━━━ DATA FOR THIS TASK ━━━

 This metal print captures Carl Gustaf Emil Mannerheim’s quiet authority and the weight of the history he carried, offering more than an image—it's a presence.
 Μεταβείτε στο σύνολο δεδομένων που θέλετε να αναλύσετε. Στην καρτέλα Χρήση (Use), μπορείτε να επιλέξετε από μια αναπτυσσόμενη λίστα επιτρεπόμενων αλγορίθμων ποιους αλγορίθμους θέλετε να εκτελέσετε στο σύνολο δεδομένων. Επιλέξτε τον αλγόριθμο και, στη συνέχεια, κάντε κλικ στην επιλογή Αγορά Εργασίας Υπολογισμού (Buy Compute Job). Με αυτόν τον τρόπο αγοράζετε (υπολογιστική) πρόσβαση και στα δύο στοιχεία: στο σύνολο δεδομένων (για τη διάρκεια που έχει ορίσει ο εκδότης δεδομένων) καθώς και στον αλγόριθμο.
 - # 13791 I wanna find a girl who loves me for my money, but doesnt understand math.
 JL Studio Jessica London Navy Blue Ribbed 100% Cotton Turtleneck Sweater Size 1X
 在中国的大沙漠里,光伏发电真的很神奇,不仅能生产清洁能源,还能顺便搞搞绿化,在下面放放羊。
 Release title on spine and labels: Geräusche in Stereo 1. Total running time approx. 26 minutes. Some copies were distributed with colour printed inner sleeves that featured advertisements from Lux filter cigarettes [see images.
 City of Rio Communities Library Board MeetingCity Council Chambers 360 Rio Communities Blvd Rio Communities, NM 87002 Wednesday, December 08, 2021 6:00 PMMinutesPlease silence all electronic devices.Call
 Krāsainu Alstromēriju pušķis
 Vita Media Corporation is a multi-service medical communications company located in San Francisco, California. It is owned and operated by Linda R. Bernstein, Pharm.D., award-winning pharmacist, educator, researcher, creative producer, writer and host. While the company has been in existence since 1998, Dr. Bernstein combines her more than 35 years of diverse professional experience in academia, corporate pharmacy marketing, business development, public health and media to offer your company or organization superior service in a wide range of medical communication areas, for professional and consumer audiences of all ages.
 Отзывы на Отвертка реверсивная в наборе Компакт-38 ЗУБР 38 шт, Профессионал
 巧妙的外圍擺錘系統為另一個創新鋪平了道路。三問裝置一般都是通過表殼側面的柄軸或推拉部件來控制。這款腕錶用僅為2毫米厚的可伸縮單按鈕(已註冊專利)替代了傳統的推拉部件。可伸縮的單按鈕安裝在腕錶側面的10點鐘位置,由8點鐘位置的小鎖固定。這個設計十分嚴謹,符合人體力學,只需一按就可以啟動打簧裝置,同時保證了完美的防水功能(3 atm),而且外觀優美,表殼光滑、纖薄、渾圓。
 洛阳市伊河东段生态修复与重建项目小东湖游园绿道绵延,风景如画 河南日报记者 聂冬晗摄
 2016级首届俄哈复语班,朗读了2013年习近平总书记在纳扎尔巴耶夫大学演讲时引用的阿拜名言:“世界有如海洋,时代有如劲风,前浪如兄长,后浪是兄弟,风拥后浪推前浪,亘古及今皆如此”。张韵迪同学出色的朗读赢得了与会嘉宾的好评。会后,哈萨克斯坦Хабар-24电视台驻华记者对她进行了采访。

━━━

▸ EXERCISE: The records above must be repeated exactly, every one of them.

▸ SOLUTION FOR THIS EXERCISE:
 This metal print captures Carl Gustaf Emil Mannerheim’s quiet authority and the weight of the history he carried, offering more than an image—it's a presence.
 Μεταβείτε στο σύνολο δεδομένων που θέλετε να αναλύσετε. Στην καρτέλα Χρήση (Use), μπορείτε να επιλέξετε από μια αναπτυσσόμενη λίστα επιτρεπόμενων αλγορίθμων ποιους αλγορίθμους θέλετε να εκτελέσετε στο σύνολο δεδομένων. Επιλέξτε τον αλγόριθμο και, στη συνέχεια, κάντε κλικ στην επιλογή Αγορά Εργασίας Υπολογισμού (Buy Compute Job). Με αυτόν τον τρόπο αγοράζετε (υπολογιστική) πρόσβαση και στα δύο στοιχεία: στο σύνολο δεδομένων (για τη διάρκεια που έχει ορίσει ο εκδότης δεδομένων) καθώς και στον αλγόριθμο.
 - # 13791 I wanna find a girl who loves me for my money, but doesnt understand math.
 JL Studio Jessica London Navy Blue Ribbed 100% Cotton Turtleneck Sweater Size 1X
 在中国的大沙漠里,光伏发电真的很神奇,不仅能生产清洁能源,还能顺便搞搞绿化,在下面放放羊。
 Release title on spine and labels: Geräusche in Stereo 1. Total running time approx. 26 minutes. Some copies were distributed with colour printed inner sleeves that featured advertisements from Lux filter cigarettes [see images.
 City of Rio Communities Library Board MeetingCity Council Chambers 360 Rio Communities Blvd Rio Communities, NM 87002 Wednesday, December 08, 2021 6:00 PMMinutesPlease silence all electronic devices.Call
 Krāsainu Alstromēriju pušķis
 Vita Media Corporation is a multi-service medical communications company located in San Francisco, California. It is owned and operated by Linda R. Bernstein, Pharm.D., award-winning pharmacist, educator, researcher, creative producer, writer and host. While the company has been in existence since 1998, Dr. Bernstein combines her more than 35 years of diverse professional experience in academia, corporate pharmacy marketing, business development, public health and media to offer your company or organization superior service in a wide range of medical communication areas, for professional and consumer audiences of all ages.
 Отзывы на Отвертка реверсивная в наборе Компакт-38 ЗУБР 38 шт, Профессионал
 巧妙的外圍擺錘系統為另一個創新鋪平了道路。三問裝置一般都是通過表殼側面的柄軸或推拉部件來控制。這款腕錶用僅為2毫米厚的可伸縮單按鈕(已註冊專利)替代了傳統的推拉部件。可伸縮的單按鈕安裝在腕錶側面的10點鐘位置,由8點鐘位置的小鎖固定。這個設計十分嚴謹,符合人體力學,只需一按就可以啟動打簧裝置,同時保證了完美的防水功能(3 atm),而且外觀優美,表殼光滑、纖薄、渾圓。
 洛阳市伊河东段生态修复与重建项目小东湖游园绿道绵延,风景如画 河南日报记者 聂冬晗摄
 2016级首届俄哈复语班,朗读了2013年习近平总书记在纳扎尔巴耶夫大学演讲时引用的阿拜名言:“世界有如海洋,时代有如劲风,前浪如兄长,后浪是兄弟,风拥后浪推前浪,亘古及今皆如此”。张韵迪同学出色的朗读赢得了与会嘉宾的好评。会后,哈萨克斯坦Хабар-24电视台驻华记者对她进行了采访。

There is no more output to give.